Boeing Co shares tumbled 6.5 percent to a nearly five-year low on Tuesday as analysts expressed concerns about the plane maker and defense contractor meeting profit estimates over the next two years, as it grapples with production delays, airlines' lack of financing to buy planes, and risks that the new U.S. administration will cut defense spending, Reuters reported.

The shares were down $2.68 at $38.50 in afternoon trading on the New York Stock Exchange. They hit $38.05 earlier in the session, their lowest level since December 2003. The shares are down about 64 percent from their all-time high of $107.80 in July 2007.

The Chicago-based company is not likely to meet consensus Wall Street profit estimates for 2009 and 2010, Cowen and Co analyst Cai von Rumohr said in a note to clients, citing the threat of a global recession on airlines' demand for new planes, delays on Boeing's new 787 Dreamliner and 747-8 jumbo, and higher pension costs.

Rumohr expects Boeing to earn $5.90 per share next year, well below an average forecast of $6.20 among 20 analysts polled by Reuters Estimates.

For 2010, he expects $6.20 per share, down from his previous estimate of $6.50. Analysts are expecting $6.62, on average.

Before a 58-day machinists' strike -- which closed Boeing's commercial airplane plants between September 6 and November 2 -- the company was forecasting profit of $6.80 to $7 per share for 2009. Boeing said it would update that outlook when the strike ended, but has not yet set a date to do that.

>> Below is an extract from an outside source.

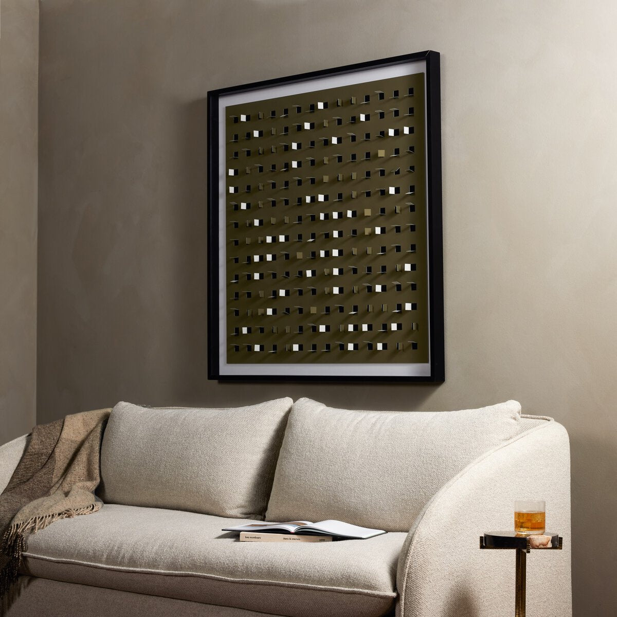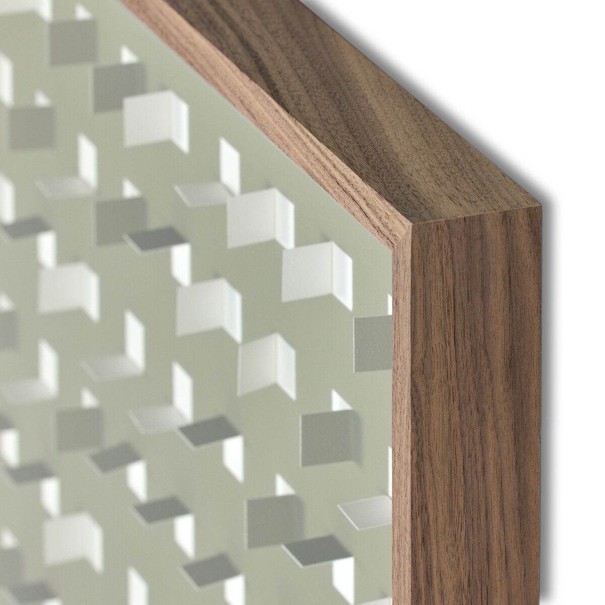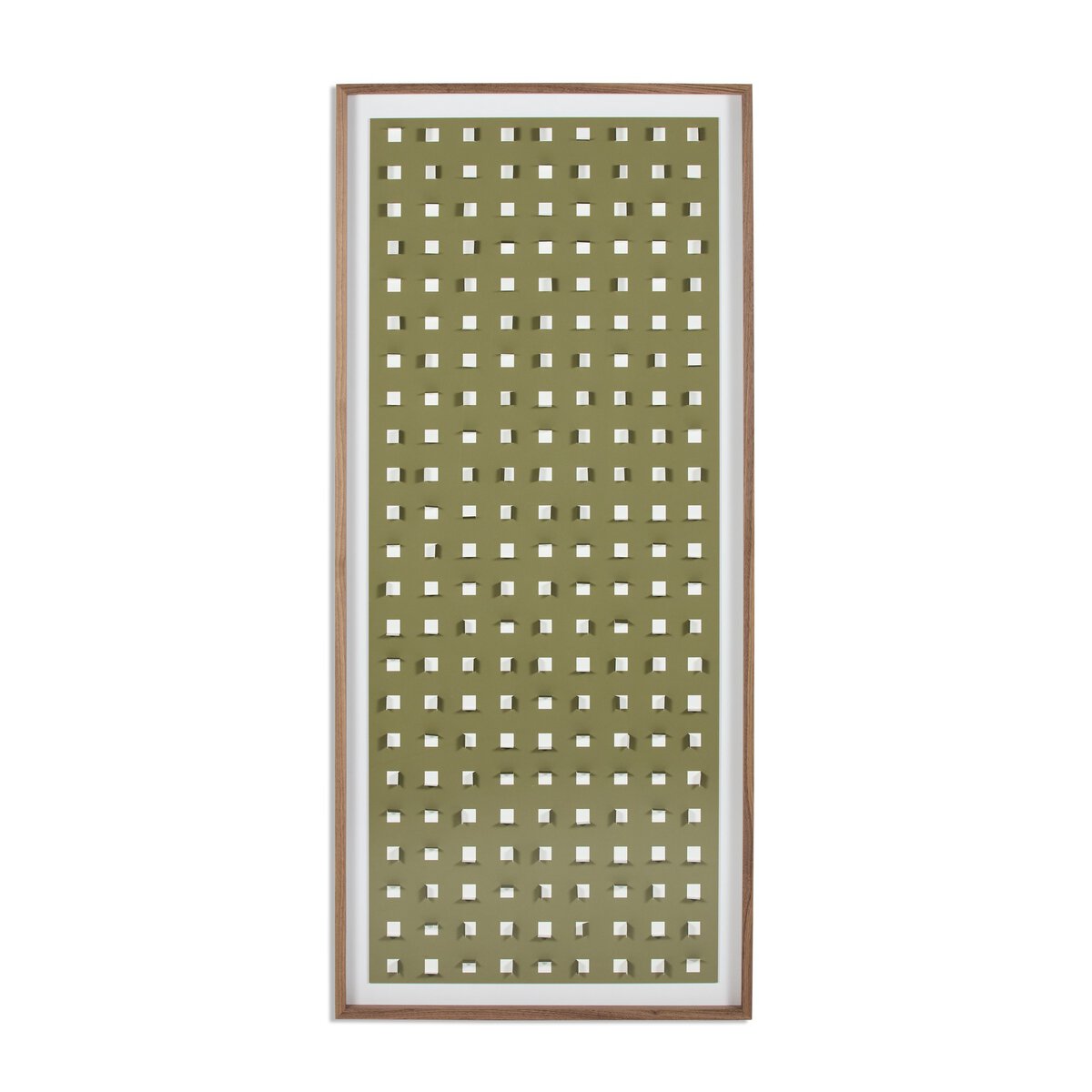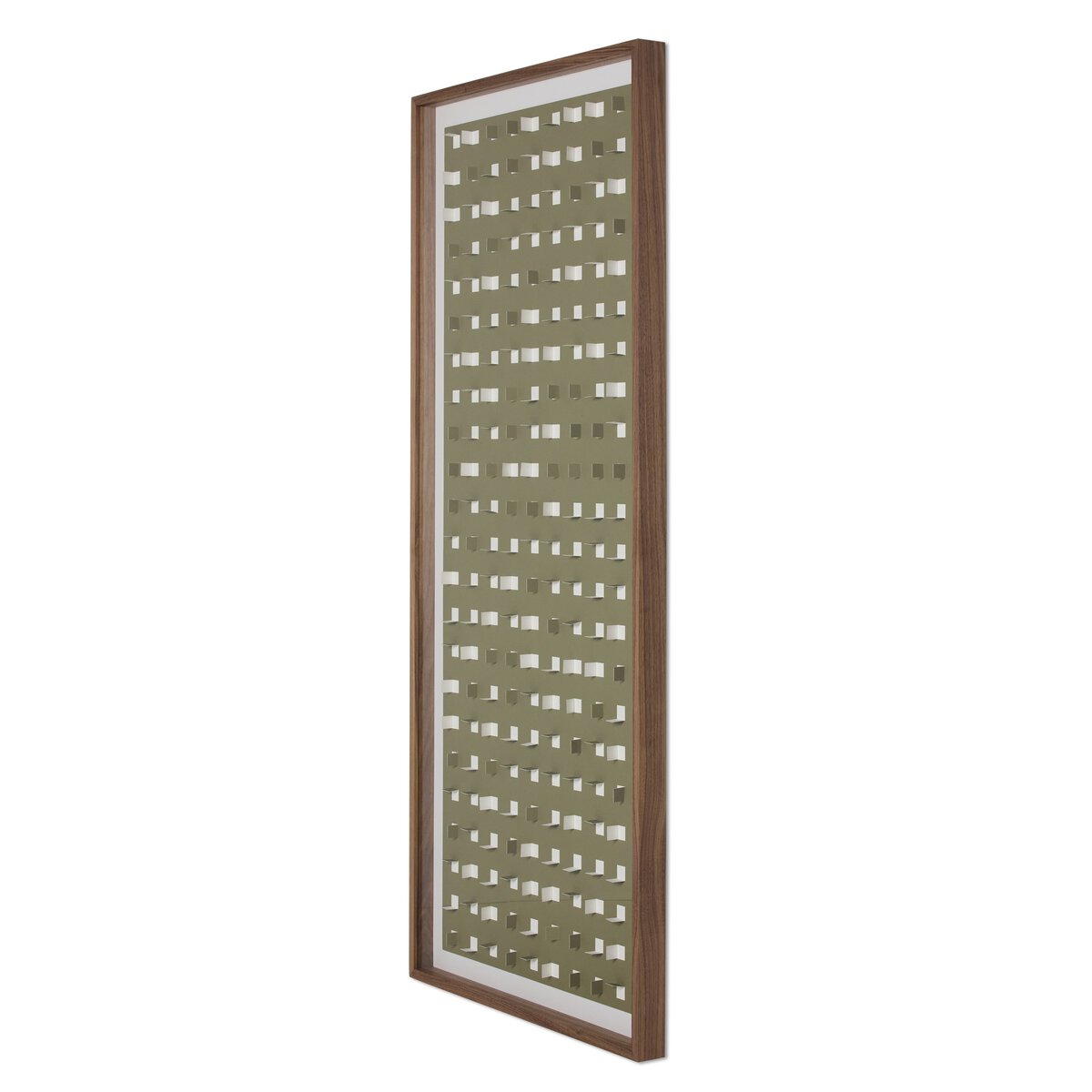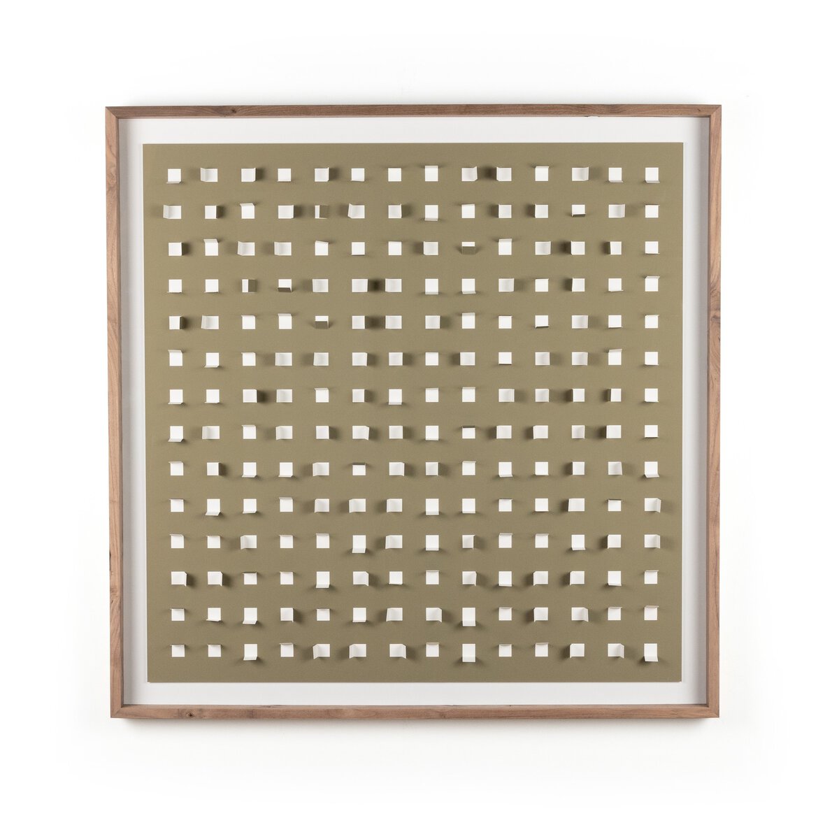 Overall Dimensions 48.00"w x 2.50"d x 48.00"hItem Number 237506-001Colors Rustic 2.5 Walnut, White Backer, Clear Acrylic GlazingMaterials Walnut, Linen Backer, Acrylic GlazingWeight 25.00 lbVolume 8.12 cu ftArtist Four Hands Art StudioMain Color GreenOrientation SquarePresentation Style Framed Cut OutsSize Extra LargeSubject AbstractSuite See Through

On top of commercial aerospace concerns, von Rumohr said Boeing's defense unit may be hit if the administration of President-elect Barack Obama cuts back some important programs, such as the Future Combat Systems, a program to revamp the Army's electronic communications, and the F-22 fighter jet, for which Boeing makes the wings and integrates the cockpit electronics.

Elsewhere, other analysts expressed worries that Boeing and its rival Airbus, a unit of EADS (EAD.PA: Quote, Profile, Research, Stock Buzz), will have to step up financing for their customers in the next few years, as traditional lenders scale back loans in the wake of the global credit crisis.

"For the foreseeable future the pool of traditional aircraft financers will be smaller due to mergers or termination of business, which will drive up financing costs for aircraft acquisitions," Calyon Securities analyst Ray Neidl said in a note to clients.

Plane makers may be forced to step up financing activities to fill the gap, said Credit Suisse analyst Robert Spingarn.

"There is risk that the OEMs (Boeing and Airbus) may need to step up more than in previous cycles," said Spingarn. "If financing represents the same proportion as in the previous down-cycle, this would suggest $2.5 billion to $3.5 billion each per year of financing."

Financing is not usually a profitable business for the plane makers, which would rather sell planes outright to third parties.